We keep building, UPDATES:
1. Turkish 5 other language detection
Added Turkish, Italian, Dutch, Indonesian, Thai, and Hebrew to detectSimpleLanguage in analyze-tweet so the bot replies in the user's language instead of defaulting to English.
2. Multi-frame video analysis (new point: video-frames)
Instead of relying on a single thumbnail frame, the bot now downloads the video, extracts 4-6 frames at evenly spaced intervals using ffmpeg, and sends them all to Claude Vision in one call. This gives the AI a full understanding of what happens in the video (scenes, uniforms, watermarks, locations, sequence of events). Installed ffmpeg on the server to support this.
3. Garbage transcript detection (video-transcribe)

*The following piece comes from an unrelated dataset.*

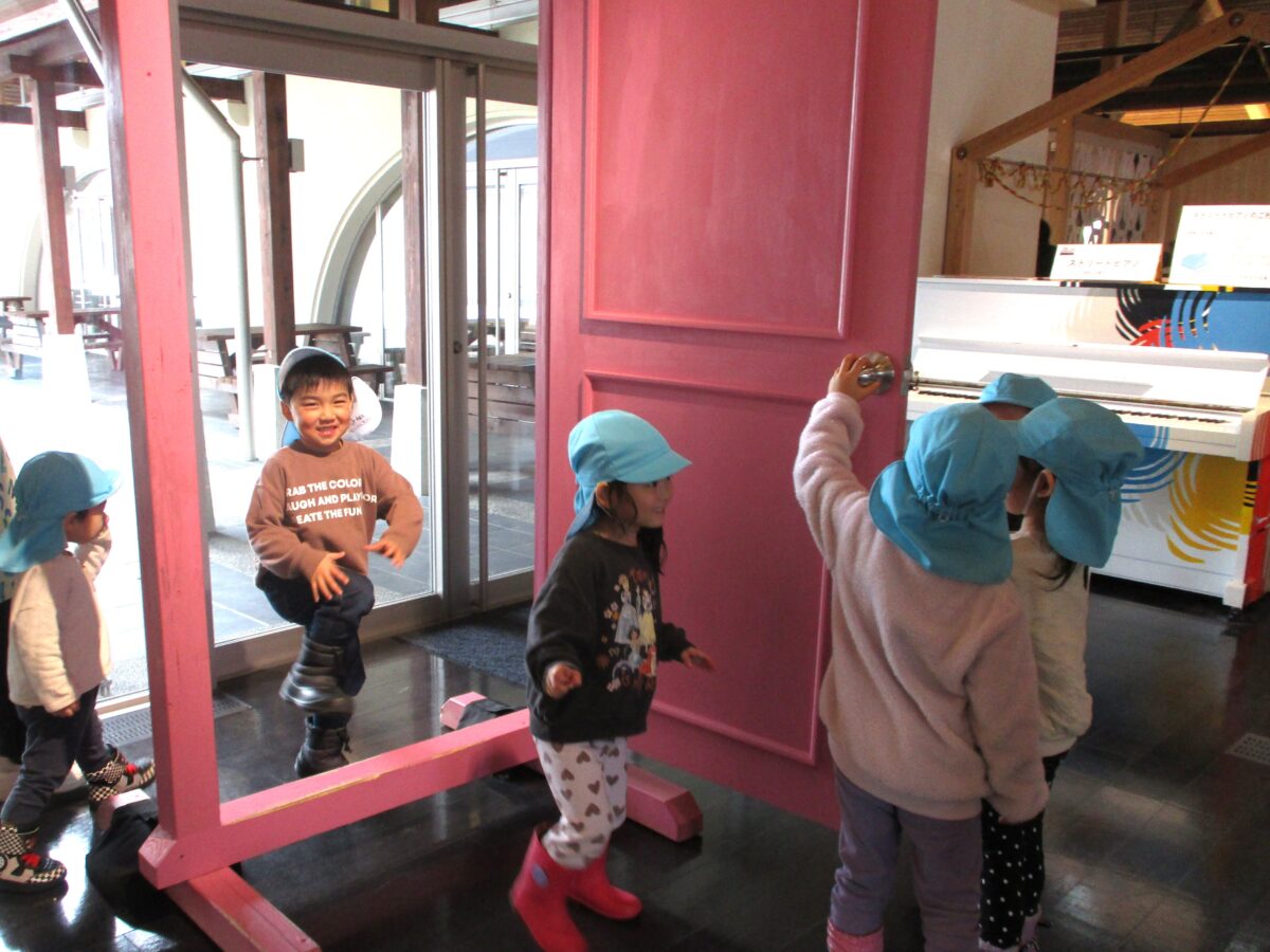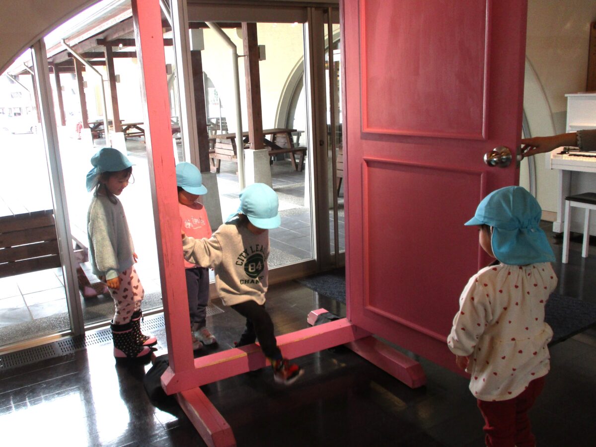 ピンクの扉にも興味津々な子ども達。扉を開けたり、通る時の表情がとても可愛かったです。行きたいところを声に出して通る子もいましたよ。

Whisper was hallucinating on non-English audio, producing gibberish like "Julie you don't know 再見 ..." (for Russian speech) and "冬瓜汤完成" (for noise). Now detects mixed scripts, excessive repetition, and low-information transcripts and discards them instead of poisoning the pipeline.
4. Video context search (dialectical-verify)
When multi-frame analysis identifies specific clues (media watermarks like "Mash", location markers like "Dubai skyline", uniform types like "paramedic"), the bot now runs targeted search queries using those identifiers (e.g., "Mash 2021 Russia paramedics elevator assault") instead of generic descriptions.
5. Updated claim decomposition prompt (dialectical-verify)
Added instructions telling the AI to use video analysis details (watermarks, locations, uniforms, incident types) to formulate specific, searchable claims rather than treating video descriptions as throwaway context.